On the other hand, rheumatism, especially rheumatoid arthritis,
A disease based on synovial cell proliferation with various immunological abnormalities caused by internal and external factors, which is considered to be a disorder of synovial cell proliferation accompanied by inflammatory cell infiltration and bone erosion. Have been. Tissue destruction mainly in affected joints in rheumatoid arthritis is considered to be caused by abnormal production of cytokines from inflammatory synovial cells. Examination of the joint condition of patients with rheumatism reveals abnormal synovial cell proliferation, including increased synovial villi and multilayered synovial cells (Daniel J. McCarty (1985)
in "Arthritisand allied conditions, A textbook of
rheumatology "10th Edition, Lea & Febiger).
Currently, drug therapy for rheumatism mainly uses anti-inflammatory drugs such as steroids or immunomodulators, but if such abnormal synovial cell proliferation can be suppressed by a drug, the drug is not used. It is considered useful as a therapeutic agent for rheumatism.

[0007] By the way, it is known that proliferation of synovial cells in rheumatism does not occur indefinitely, but suppresses spontaneously (Daniel J. McCarty (1985) in "Arthrit").
is and allied conditions, A textbook of rheumatolo
gy "10th Edition, Lea & Febiger). More recently, it was revealed that apoptosis occurs in synovial cells of rheumatic patients and that Fas antigen is expressed on the synovial cell membrane. Nakajima et al. T., et al. (1995)
Arthritis Rheum. 38, 485-491) and Aono et al. (See the 38th Annual Meeting of the Japanese Society of Rheumatology (1994), p. 487, and the 1994 Annual Meeting of the Japanese Cancer Society (1994), p. 338) have cytotoxic activity. Examination of whether apoptosis is induced in synovial cells by adding anti-human Fas antibody to abnormally proliferating synovial cells from rheumatic patients showed that abnormally proliferating synovial cells in rheumatic patients were not from rheumatic patients. Apoptosis occurs at a higher rate than that of synovial cells. Therefore, the anti-human Fas antibody can selectively lead not only lymphocytes but also abnormally proliferating synovial cells to apoptosis, and is considered to be useful as a therapeutic agent for rheumatism.
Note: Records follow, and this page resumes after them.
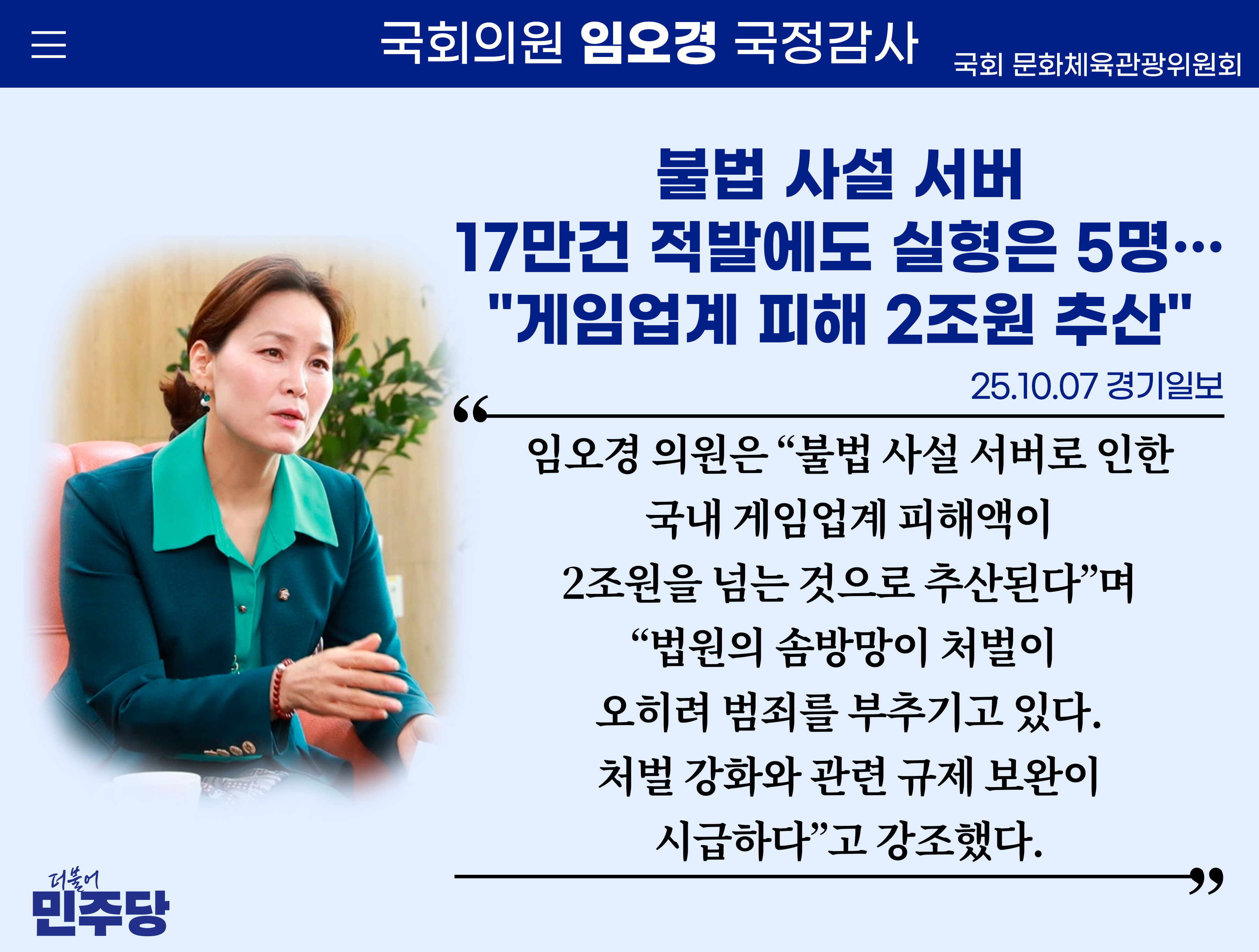 [임오경 카드뉴스]경기일보 / 불법 사설 서버 17만건 적발에도 실형은 5명..."게임업계 피해 2조원 추산"
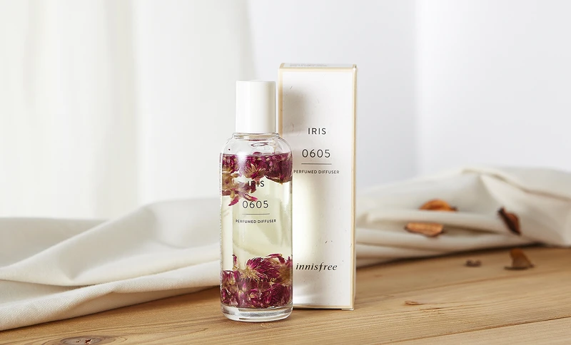 innisfree 2018年7月將推出居室純粹香頌升級版,一共有10種味道。每個香味的瓶身上都有著4位數字,代表「在濟州島的旅行日期」,是香氛的靈感來源。除了柔和迷人的香味之外,最美的是這次在透明的瓶身中放入獨一無二的乾燥花,透過嗅覺與視覺重現濟州島的自然美景。
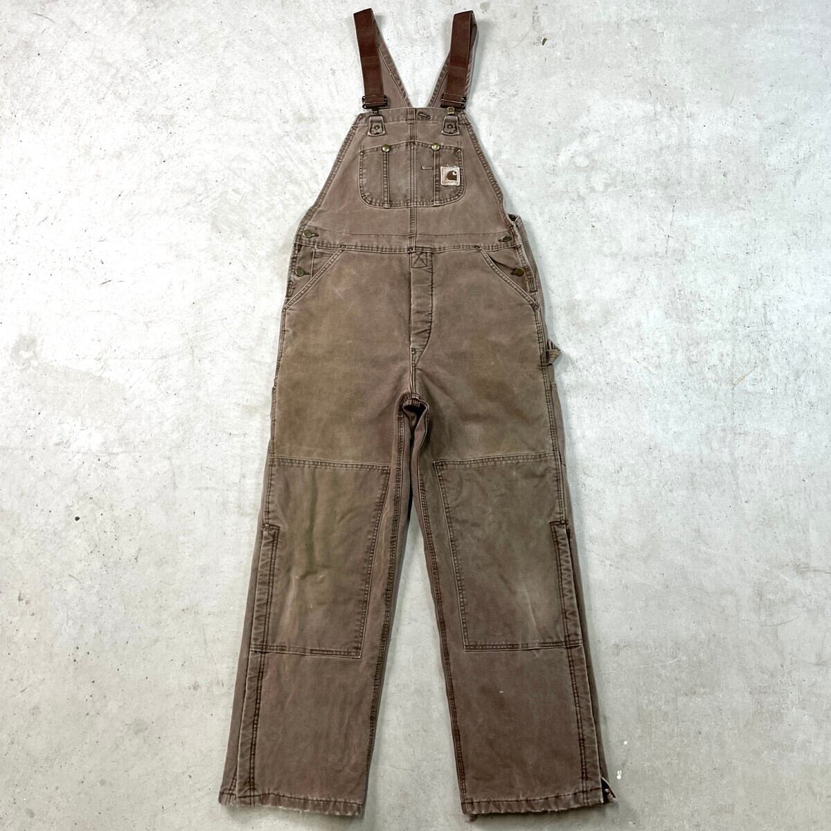 90年代- Carhartt カーハート ダック地 ダブルニー オーバーオール メンズW36相当 古着 90s VINTAGE ヴィンテージ キルティングライナー ボタンフライ ブラン【オーバーオール】/ブラウン
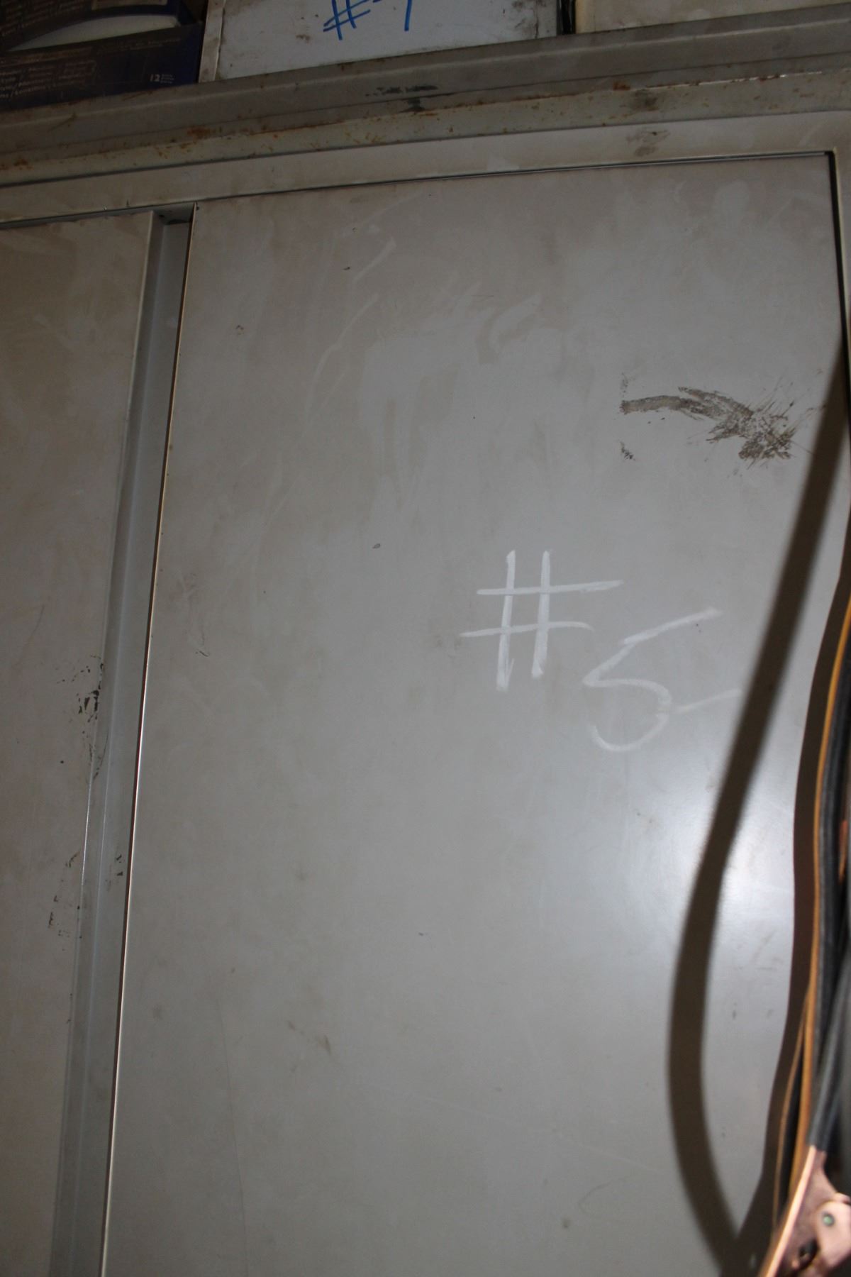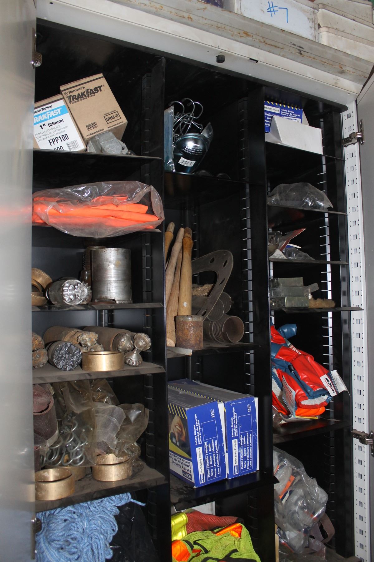 CABINET C/W HANDLES, GLOVES, DRILL BITS, CASTER WHEELS & RAIN GEAR

Several kinds of anti-human Fas mouse monoclonal antibodies have already been obtained (Yonehara, S., et al (1989) J. Am.
Exp. Med. 169 , 1747-1756, (1989); SCIENCE, 245 ,
301-305, (1989)) and, as mentioned above,
It has also been reported that the antibody induces apoptosis in synovial cells of rheumatic patients in vitro (38th Annual Meeting of the Japanese Association for Rheumatology (1994), p. 487, and the 1994 General Meeting of the Japanese Cancer Society (1994)). See page 338). Furthermore, an anti-Fas antibody showing its therapeutic effect and safety in autoimmune disease model animals and rheumatoid arthritis model animals has also been found (see European Patent Publication No. 0909816).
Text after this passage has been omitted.